Con desilusión. No es lo que esperábamos. Creíamos que la minería iba a ser más inclusiva. Que nuestra gente, nuestros pobladores, iban a ser los primeros en trabajar. Ese ´primer anillo´  local no se está dando. Viene mucha gente de afuera. Y a veces ni siquiera están más capacitados que los nuestros. Entonces la expectativa empieza a caer. Uno ve a los vecinos perder la esperanza. Las comunidades ven pasar los camiones, las camionetas de las empresas, pero sienten que no participan de ese desarrollo.

¿Eso puede derivar en conflictos?

Sí, si no se corrige, puede generar reclamos fuertes. Porque la gente no está pidiendo nada regalado: pide trabajo, oportunidades, poder desarrollarse. Si la minería no logra ser inclusiva, eso se va a sentir cada vez más.

También hay críticas a la infraestructura…

Es una falla enorme. La ruta nacional 51, que es clave para la actividad y forma parte del corredor bioceánico, está en malas condiciones. Tiene mucho tránsito y no da abasto. Las obras avanzan lento o se paralizan. Por ejemplo, hubo tramos donde se frenó el trabajo por falta de pago. Eso es grave, porque el boom minero es hoy, no dentro de diez años. Y la infraestructura del Gobierno nacionalno acompaña.

¿Y en materia social? Salud, educación…

También estamos en deuda. El hospital debería tener mejores profesionales, más insumos, más medicamentos. En educación pasa lo mismo: falta oferta, falta presencia del Estado. Nosotros teníamos otra expectativa, pensábamos que todo esto iba a mejorar con la minería, pero no está pasando como creíamos.

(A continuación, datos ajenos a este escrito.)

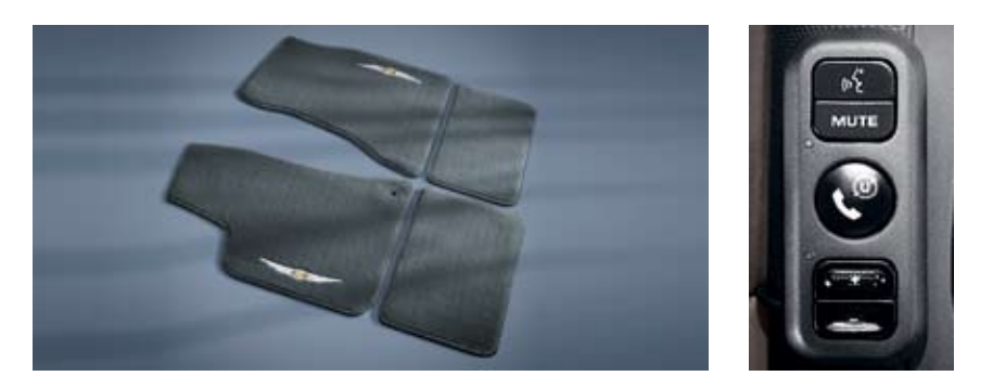
PREMIUM FLOOR MATS feature plush nylon carpet. Rubbernibbed backing with driver's side positive retention helps keep mats in place.

UCONNECT™ HANDS-FREE COMMUNICATION is an exclusive, voice-activated, hands-free, in-vehicle communication system that utilises a small control pad, microphone and speaker. It encourages safe vehicle operation and doesn't compromise driver control. UConnect allows you to dial a mobile phone through simple voice commands. In addition, UConnect mutes your radio before receiving or sending a call, allows you to store up to 32 names (four numbers per name) in the system's address book, and is flexible enough for an entire family (up to five phones can be linked to the system). UConnect includes Bluetooth® technology that enables a mobile phone to connect to your vehicle without wires or a docking station. This leading-edge technology will allow you to store a mobile phone anywhere within the vehicle. UConnect is simple to use — all you need is a Bluetooth Hands-Free Profile mobile phone from any mobile carrier.<sup>§</sup>

Para cerrar, ¿qué hace falta para cambiar este escenario?

Hace falta decisión para que el desarrollo sea realmente inclusivo. Que nuestras comunidades tengan prioridad, que se capacite a nuestra gente, que se fortalezca a los proveedores locales. La minería puede ser una gran oportunidad, pero solo si todos participan y se benefician. Si no, queda como algo que pasa por delante nuestro y no nos deja nada. Y eso, claramente, no es el desarrollo que queremos para la Puna.